Closed this issue · 8 comments

edgBR commented

Dear Alexander,

We are now comparing MAPIE confidence intervals to a custom methodology we have created based on the XGBoostLSS.

Basically we are using the expectiles that XGBoostLSS provides us to fit a CDF that is an approximation to a tweedie CDF. (This is a bit hacky but we are getting theoretical coverage).

The problem is that we are splitting this procedure in 2 parts and we are using the joblib of XGBoostLSS to the input of the CDF approximation process.

I have not seen any example of how to serialize XGBoostLSS objects but when trying with joblib:

        X_train_ci = processor_reg.transform(regression_df.drop(columns=[arguments.clf_targets] +
                                                                                [arguments.reg_targets])) 
        y_train_ci = regression_df[arguments.reg_targets]
        n_cpu = multiprocessing.cpu_count()
        dtrain = xgb.DMatrix(X_train_ci, label=y_train_ci, nthread=n_cpu)

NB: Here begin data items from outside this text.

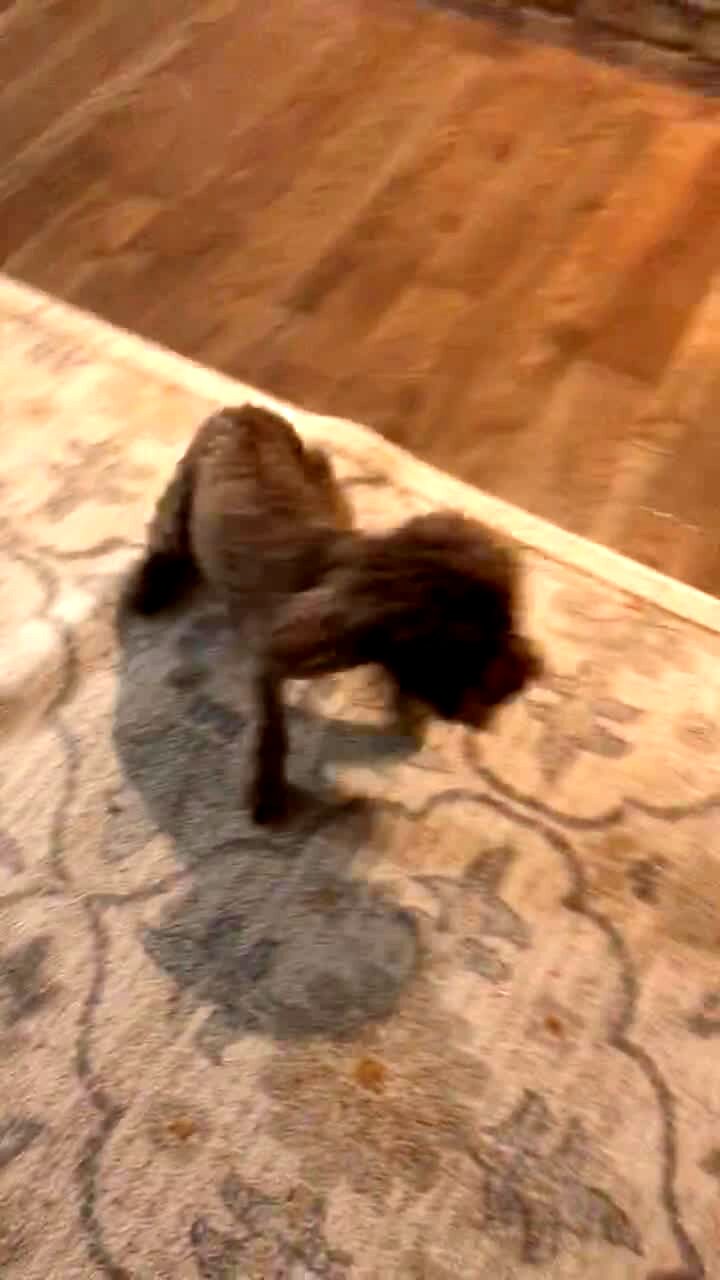 A poodle dog wears a diaper and flips around repeatedly in the living room. No audio.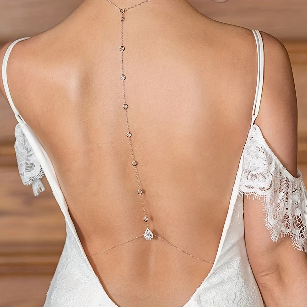 Stunning cubic zirconia back necklace for women, perfect for weddings. Add a touch of glamour to your dress with this exquisite body chain jewelry.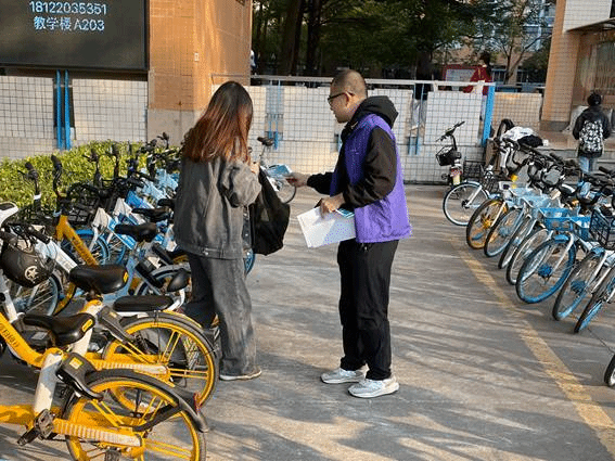 本次志愿活动分早、中、晚三班进行。党员志愿者们分别于教学区A栋、实验楼、图书馆门前,学术报告大厅、艺术学院门口以及生活区第二饭堂等共享单车集中的区域,分组有序展开活动。对于共享单车占道、乱停乱放等阻碍行人、机动车通行的问题,志愿者亲手将单车摆放整齐,方便行人出行、减少道路拥挤、维护校园整洁。同时,对于部分共享单车乱停放的行为,志愿者们及时劝阻,并发放自制宣传单,引导学生们在方便自己的同时也心系他人,用实际行动自觉维护校园整洁。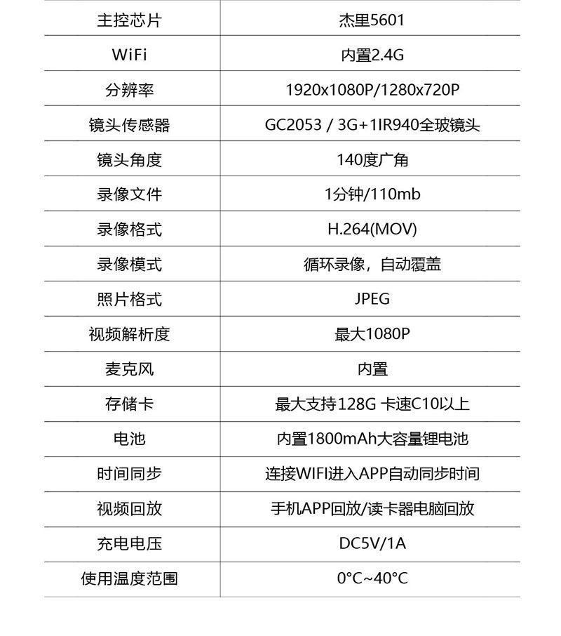10. Cuando el WIFI está encendido o apagado, la grabación de video dura aproximadamente 5 horas y 30 minutos, y la resolución de video es 1080P

        logging.info("Training XGBoost")
        xgboostlss_model_expectile = xgboostlss.train(hyperparameters,
                                                      dtrain,
                                                      dist=distribution_expectile,
                                                      num_boost_round=hyperparameters["opt_rounds"],
                                                      verbose_eval=True)
        
        if partial:
            logging.info("Serializing partial fit")
            joblib.dump(xgboostlss_model_expectile, 'outputs/models/zip_conf_partial_fit.joblib')
        else:
            logging.info("Serializing full fit")
            joblib.dump(xgboostlss_model_expectile, 'outputs/models/zip_conf.joblib')

We are getting the following error:

image

Being distribution expectile defined as:

        distribution_expectile = Expectile                                   
        distribution_expectile.expectiles =  arguments.exp_list
        distribution_expectile.stabilize = "MAD" 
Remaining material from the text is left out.